Venere in pelliccia (2013), il penultimo film di Roman Polanski - che poche settimane fa a Cannes ha presentato il suo ultimo lavoro, D'après une histoire vrai - sarà trasmesso questa sera, martedì 13 giugno, su Rai 5 alle 21.15. Per l'occasione, presentiamo una recensione di Andrea Chimento.
Il teatro come base per fare del (grande) cinema.
Dopo lo strepitoso Carnage, presentato alla Mostra di Venezia 2011, Roman Polanski si affida nuovamente a una pièce per la sua ultima fatica, Venere in pelliccia.
L’autore del testo di riferimento è David Ives, anche co-sceneggiatore del film, che a sua volta si era ispirato alle pagine del romanzo Venus im Pelz, scritto dall’austriaco Leopold von Sacher-Masoch e pubblicato nel 1870.
Solo due i personaggi in scena: il drammaturgo Thomas (Mathieu Amalric), sfinito e in preda allo sconforto dopo una lunga giornata di audizioni andate male, e l’attrice Vanda (Emmanuelle Seigner), arrivata in ritardo al provino e convinta di essere la più adatta a interpretare il ruolo principale.
Se in Carnage la claustrofobia delle mura domestiche portava le due coppie a sfogarsi verbalmente l’una contro l’altra, in Venere in pelliccia a esplodere è la tensione erotica tra i due personaggi, protagonisti di un ambiguo gioco a due che si svolge al centro di un palcoscenico spoglio.
Tra loro nasce molto presto una competizione sadica, una gara di seduzione, dove i rispettivi ruoli appaiono sempre più sfumati fino ad invertirsi: la preda diventa cacciatore, lo schiavo diventa padrone e viceversa.
Arrivato a ottant’anni, Roman Polanski si conferma uno dei più importanti autori in attività, in grado come pochi altri di rinnovarsi di film in film pur rimanendo fedele al suo cinema e alle tematiche che hanno reso grande la sua carriera.

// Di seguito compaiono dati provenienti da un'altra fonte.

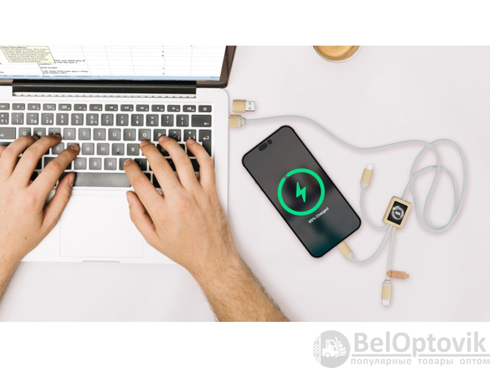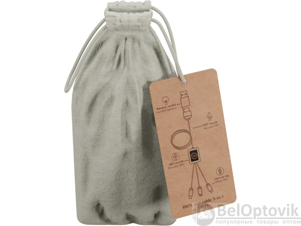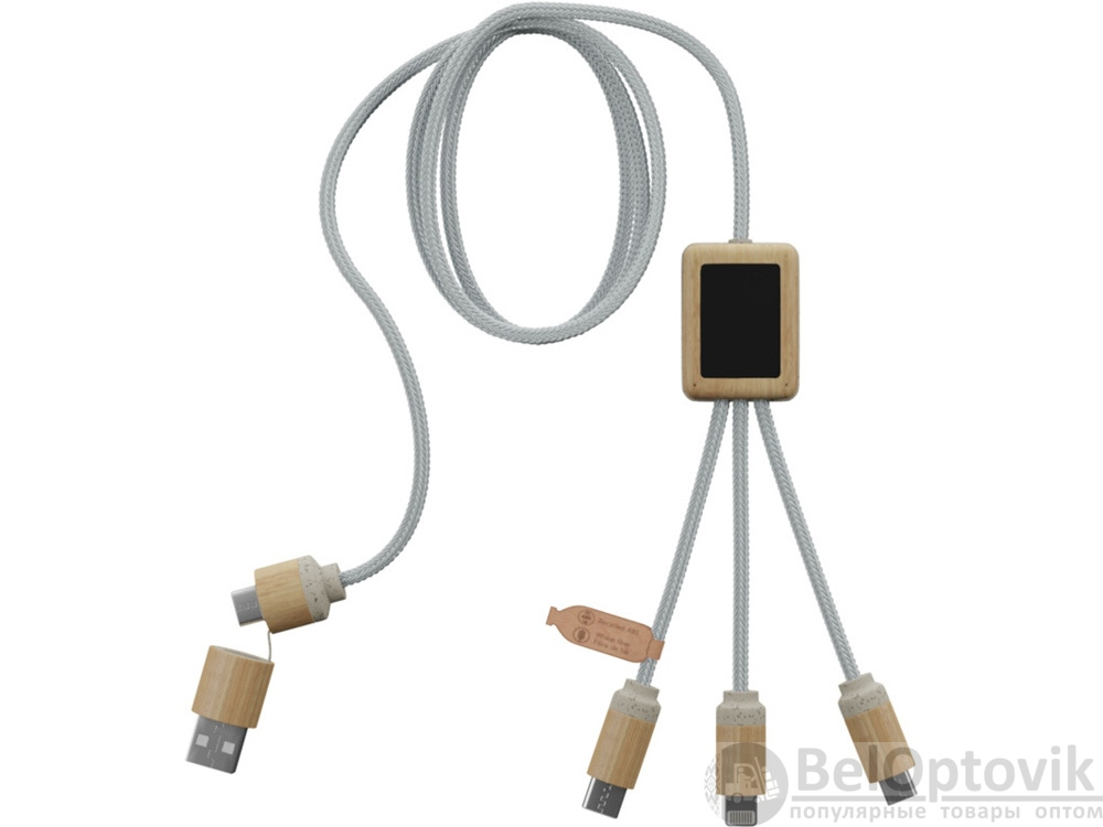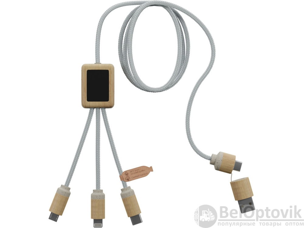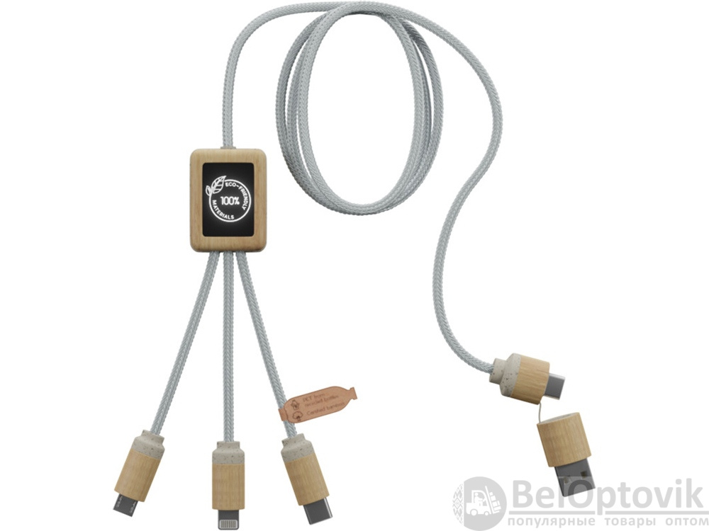 Кабель для быстрой зарядки на 2,4 А (3 x 10 см), обе стороны которого можно персонализировать разными светящимися логотипами. Кабель полностью изготовлен из более экологичных материалов: переработанных ПЭТ-кабелей, бамбука, пшеничных волокон и переработанной пластмассы. Зарядный кабель универсален благодаря 3 выходам (Type-C, Android, iPhone) и может заряжать до трех устройств одновременно. Благодаря двойному входу USB и USB-C кабель совместим с новейшими зарядными устройствами. Поставляется в хлопковой сумке (20 x 8 см) с карточкой из крафт-бумаги. Переработанный PET пластик, Бамбуковое дерево.

Come in tutte le sue ultime opere, Venere in pelliccia ha tempi di montaggio perfetti che imprimono alla visione un ritmo incessante e crescente dal primo all’ultimo minuto.
Semplicemente straordinari anche i due protagonisti - di nuovo insieme dopo gli ottimi esiti raggiunti ne Lo scafandro e la farfalla (2007) di Julian Schnabel - Emmanuelle Seigner e Mathieu Amalric, “vittime” di un doppio gioco, interno al film e meta-cinematografico al tempo stesso.
Polanski trasforma Amalric in se stesso (rendendolo simile a lui in tutto e per tutto) e inizia così a “scontrarsi” con la moglie in una stuzzicante sfida di seduzione. Il teatro diventa vita e la vita diventa teatro in una spietata metamorfosi che, passando da uno all’altra, si nutre di puro Cinema.